“L’uso corretto dei termini da parte del legislatore è fondamentale. Altrimenti si rischia di fallire gli obiettivi prefissati.”, afferma Luciano Vazzano, Segretario Territoriale CNA Imperia.
È il caso della confusione che si è innescata sul termine sanificazione, contenuto nei recenti provvedimenti del Governo, che sta provocando un vero e proprio cortocircuito normativo e applicativo.

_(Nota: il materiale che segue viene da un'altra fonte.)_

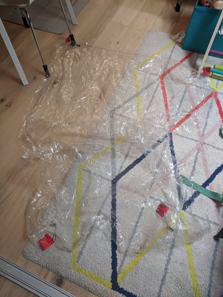- Folding the plastic, and marking with a coloured sharpie is a good way to make the large sheet manageable. Keep an eye on it -the plastic slides and moves around!

Nello specifico, l’incertezza della norma contenuta nel decreto Cura Italia, che prevede un credito d’imposta per le spese di sanificazione degli ambienti di lavoro, comporta per le imprese che hanno necessità di tali interventi ad affrontare costi superflui, essendo indotte, in molti casi, a ricorrere a trattamenti non prescritti dal Ministero della Salute. E nel contempo si escludono, ingiustamente, migliaia di imprese professionali di pulizia dalle operazioni per il contrasto del coronavirus.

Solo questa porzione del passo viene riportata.